Love the teddy btw!!!! :lol:


----------



## xXhayleyroxX

Thats great! xXx


----------



## xXhayleyroxX

Not finished yet but its a bit of an update:









Sorry its taken me a while -- I've been busy with college and I actually lost a lot of my painting the other day :/


----------



## Dally Banjo

:thumbup: Brilliant :thumbup:


----------



## Natik

oh wow  its looking great :thumbup:


----------



## catseyes

fancy tackling a fuzzy old english sheepdog?? how much are you charging for the pics as i would love one?


----------



## xXhayleyroxX

Thanks everyone ^_^ I'm softening the brush strokes, adding teeth and eyelids and whatnot and making it more furry so still a bit to go. I'm glad you lot like it.

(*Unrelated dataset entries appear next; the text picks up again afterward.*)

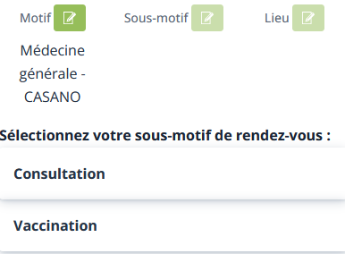 Si le motif sélectionné est parent de sous-motif, il vous faut sélectionner un sous-motif de rendez-vous :
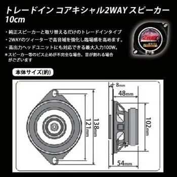 純正スピーカーから手軽にシステムアップできるトレードインタイプのスピーカーです。2WAYのツィーターで高音域を強化し臨場感を高めます。高出力ヘッドユニットにも対応できる最大入力100W。
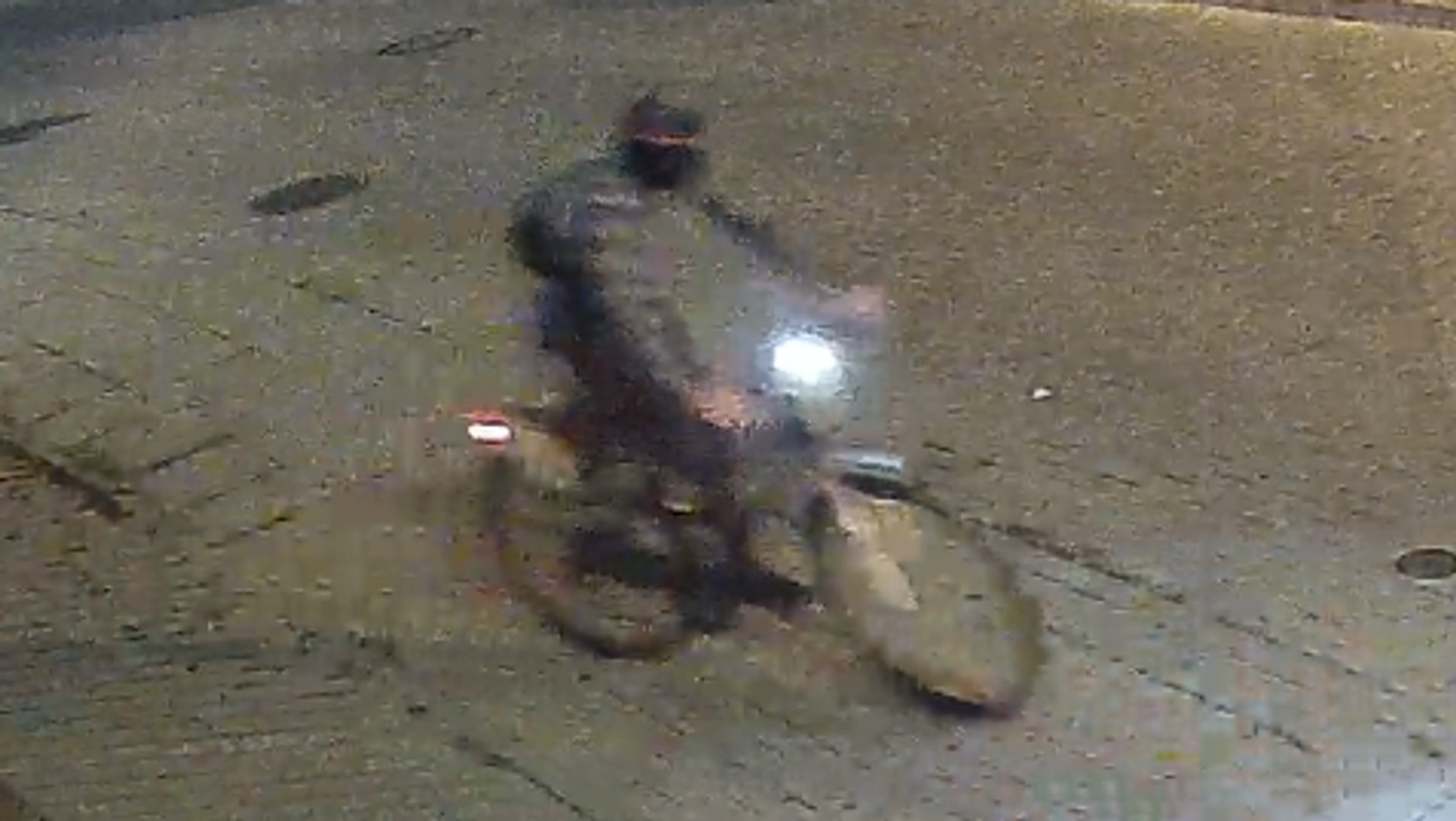 Na nagraniu widać rowerzystę, który w nocy przejeżdża w okolicy, gdzie doszło do zniszczenia pojazdów.
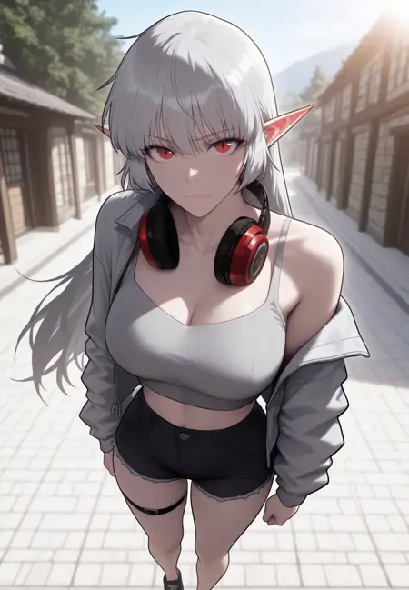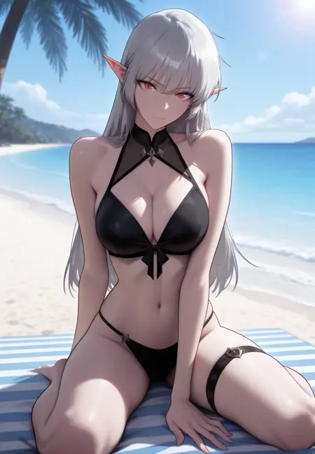 /aliceadultbase/, 1girl, red eyes, grey hair, long hair, pointy ears, slit pupils,

@catseyes -- yeah of course I'll paint your dog, but a lot of other people want their dog painted to there's a teeny bit of a waiting list if that's okay? And my paintings are free.

That's reminded me...I'll add the waiting list to the front page for you lot x


----------



## catseyes

Yes please!!! when its my turn let me know and i will choose a pic - will def send some money through paypal as would be great if you could print off pic and post it to me.. only have a mono printer. 

Yey!! excited!!


----------



## xXhayleyroxX

Okie dokie ^_^ And you don't need to send me money, I'm not even sure how much an envelope and stamp would cost haha x


----------



## catseyes

Aww that is so sweet of you!!


----------



## xXhayleyroxX

I like pleasing people ^_^


----------



## xXhayleyroxX

I think I'm done, although if anyone thinks I could improve something please do say:


----------



## SpringerHusky

Very nice, love the fur texture you've done. Great job :thumbup:


----------



## xXhayleyroxX

Thankyou sweetie ^_^ xxxxxxxxx


----------



## XxZoexX

They really are fab and I can't believe they're done with a mouse I have no control whatsoever tring to write or draw with a mouse lol


----------



## xXhayleyroxX

Aww thanks! Its quite hard at first, and I did struggle; but I got used to it ^_^ xxxxxxxxxxxxxxxxxxxxxx


----------



## xXhayleyroxX

Basic line art and colours of Suki:









I was thinking of adding in a midnight starry sky with a full moon and some long fronds of grass in the foreground.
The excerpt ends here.